[
https://issues.apache.org/jira/browse/MAHOUT-845?page=com.atlassian.jira.plugin.system.issuetabpanels:comment-tabpanel&focusedCommentId=13160621#comment-13160621
]
Jake Mannix commented on MAHOUT-845:
------------------------------------
Ok, so I've thought about this a little, and the implementation that Frank put
on here, and I had on my github branch too, essentially, is probably a bad
idea, for exactly Lance's points mentioned here.
So instead, we modify VectorDumper and VectorHelper to add a couple of static
methods and options:
in VectorHelper:
[code]
public static String vectorToJson(Vector vector, String[] dictionary, int
maxEntries, boolean sort)
[code]
where the "sort" option sorts by the values of the Vector entries, and
maxEntries describes the maximum number of vector entries to use. If
dictionary is supplied and not null, then the vector indexes are replaced with
their respective term entries in the dictionary.
This way, VectorDumper is modified with the following options:
[code]
Option sortVectorsOpt =
obuilder.withLongName("sortVectors").withRequired(false).withDescription(
"Sort output key/value pairs of the vector entries in abs magnitude
descending order")
.withShortName("sort").create();
Option numIndexesPerVectorOpt =
obuilder.withLongName("vectorSize").withShortName("vs").withRequired(false)
.withArgument(abuilder.withName("vs").withMinimum(1).withMaximum(1).create())

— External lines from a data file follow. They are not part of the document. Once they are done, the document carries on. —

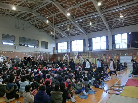 1年生のおむすびころりん。年長さんに見せた劇を更にパワーアップして披露しました。穴の中でおじいさんを楽しませたコマやけん玉、フラフープ、まりつき等とても上手でした。大縄を使ってのあやとり。何ができるのだろうと見ていると・・・。「東京タワー!」の声で思わずみんな笑顔に!!とてもかわいくて上手でした。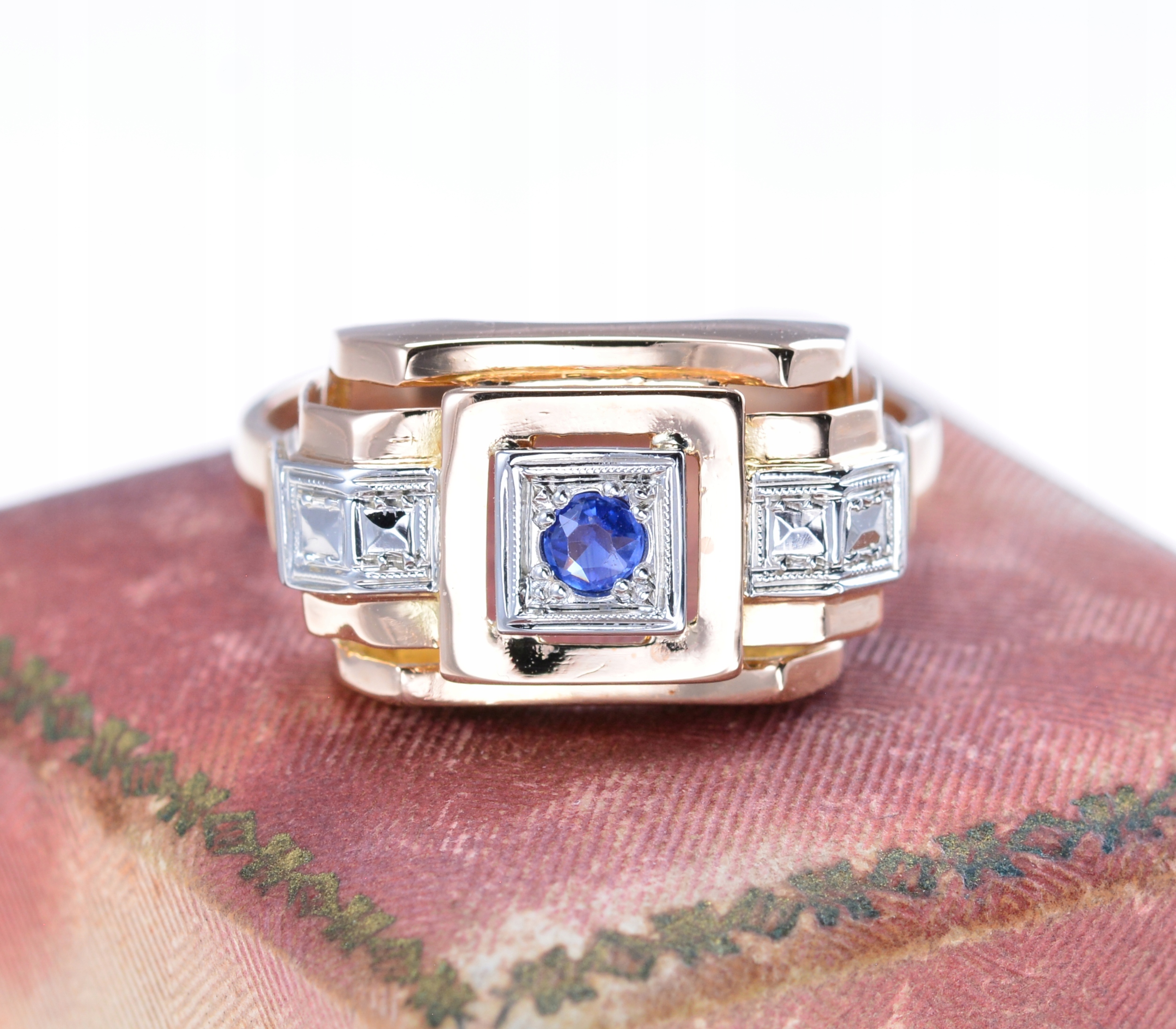 - Вироблено з 18-каратного золота. Основна точка композиції - це круглий синій сапфір (0,11ct), вбудований у квадратний обстановка. Сторони кільця прикрашені симетрично розташованими прямокутними елементами, що утворюють каскадну структуру, характерну для періоду арт -деко.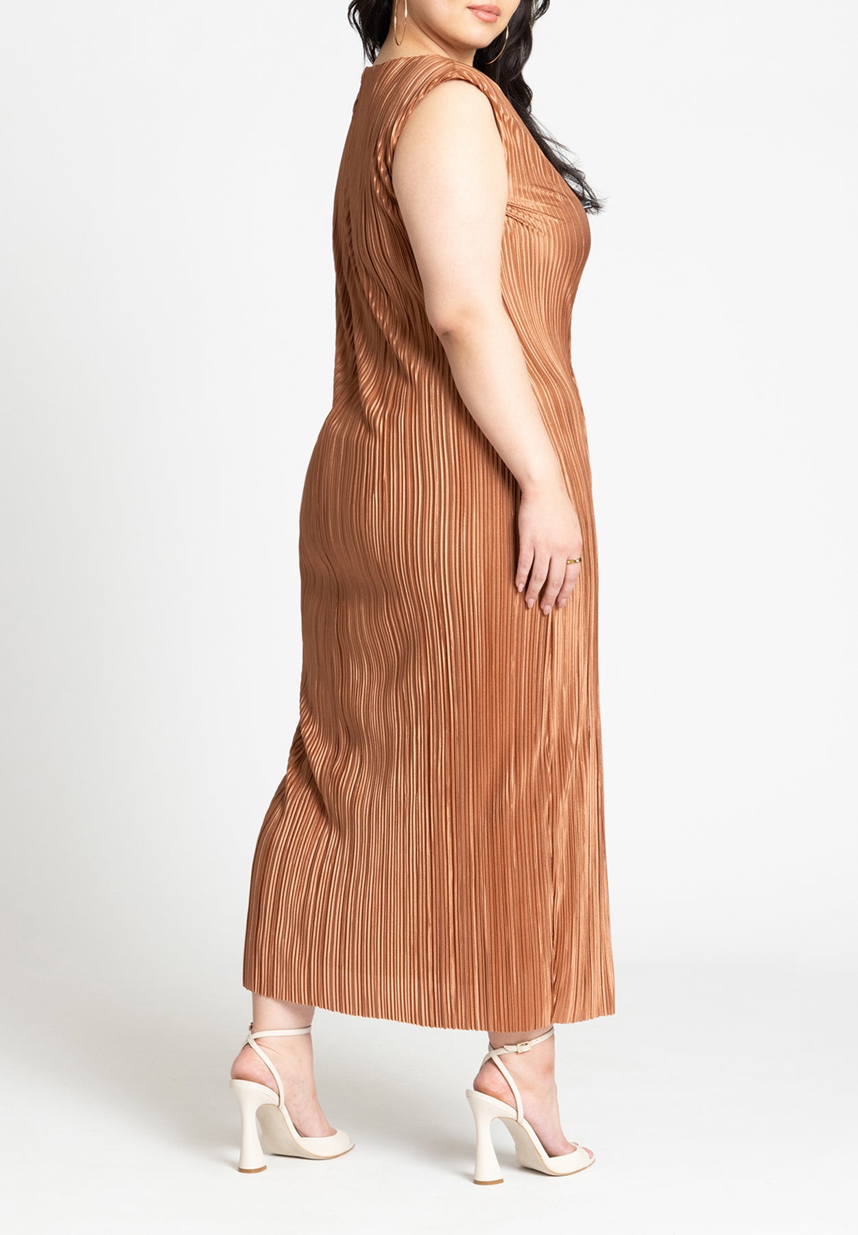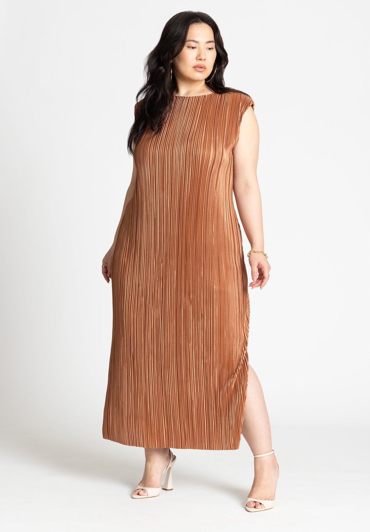 Cut from stretch-plissé, this high-shine midi dress is a no-brainer for your fancier to-dos. Strong, sculpted shoulders give way to a fluid silhouette with side slits that move with ease. Style yours with just-as-shiny jewels.

.withDescription("Truncate vectors to <vs> length when dumping (most
useful when in"
+ " conjunction with -sort").create();
[code]
Then if you have clusters represented as vector centroids (or distributions
over terms/features, or anything else which is a collection of Vectors linked
to a dictionary of String labels for the vector indexes), then you don't really
need a "ClusterDumper", as
[code]
$MAHOUT_HOME/bin/mahout vectordump -s "path/to/vectors/part-*" --dictionary
"path/to/dictionary.file-0" -dt sequencefile -sort --vectorSize 100 -o
local_vectors.json
[code]
puts each vector in "path/to/vectors/part-*" one per line in
local_vectors.json, in json format, with the keys being the terms with the
highest weight for the vector, the values being the vector values, and only the
top 100 (by value) per vector are emitted.
I've found this modification to VectorDumper invaluable in inspecting LDA topic
models, but doing it without modifying the Vector interface is even better.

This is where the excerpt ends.